Kunden öffnen ihr Herz auf dem Friseurstuhl
Während der Bart eines Mannes gestutzt wird, sitzen bereits die nächsten Kunden im Wartebereich im Flur. Das Angebot hat sich schnell rumgesprochen, die Termine sind regelmäßig ausgebucht. In dem provisorischen Salon herrscht eine vertraute und herzliche Atmosphäre, in der auch gelacht wird. „Jeder Mensch hat seine eigene Geschichte“, sagt Omid Shekaknia. „Es ist für mich eine sehr erfüllende Zeit. Ich spüre eine große Verbundenheit mit meinen Kunden.“
Hoffnung auf berufliche Perspektive
Omid Shekaknia stammt aus dem Iran, hatte dort mehr als 15 Jahre einen eigenen Friseursalon. Seit drei Jahren lebt der Kurde in Deutschland, aktuell läuft das Verfahren zur Anerkennung seines Meisterbriefes. Danach hofft er, wieder beruflich auf eigenen Beinen stehen zu können. „Mein Traum ist es, in Koblenz einen eigenen Salon zu eröffnen“, berichtet der 40-Jährige. Sein Engagement in der Anlaufstelle der Caritas ist für ihn eine Herzensangelegenheit. Auch nach Dienstschluss freut sich der Friseurmeister, wenn er einem Kunden im Stadtgebiet begegnet und beide für einen kurzen Plausch verweilen.

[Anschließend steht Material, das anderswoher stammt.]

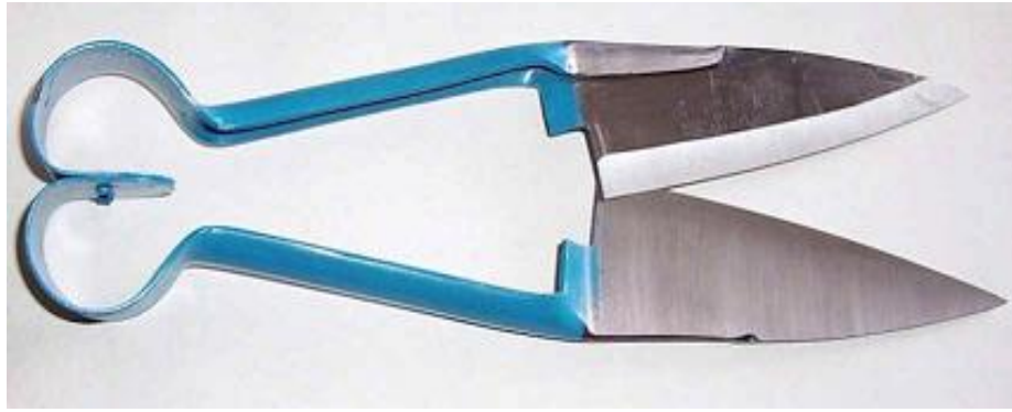
ภาพที่ 4.128 แสดงกรรไกรสำหรับตัดขนแกะ

Ehrenamt ein schönes Zeichen der Solidarität
Für die Neustadt 20 ist der sympathische Friseurmeister ein großes Geschenk, mit seiner emphatischen und freundlichen Art bereichert er das Team vor Ort. „Wir sind Omid Shekaknia sehr dankbar für das großartige ehrenamtliche Engagement“, sagt Caritas-Mitarbeiterin Nina Mentowski. „Für unsere Klienten bedeutet ein Haarschnitt viel mehr als eine Frisur. Es geht um Solidarität, Wertschätzung und Menschenwürde.“ Omid Shekaknia strahlt, als sein letzter Kunde, ein Mann, der auf der Straße lebt, in den Spiegel schaut, dankbar seinen neuen Haarschnitt begutachtet und selbstbewusster vom Friseurstuhl aufsteht.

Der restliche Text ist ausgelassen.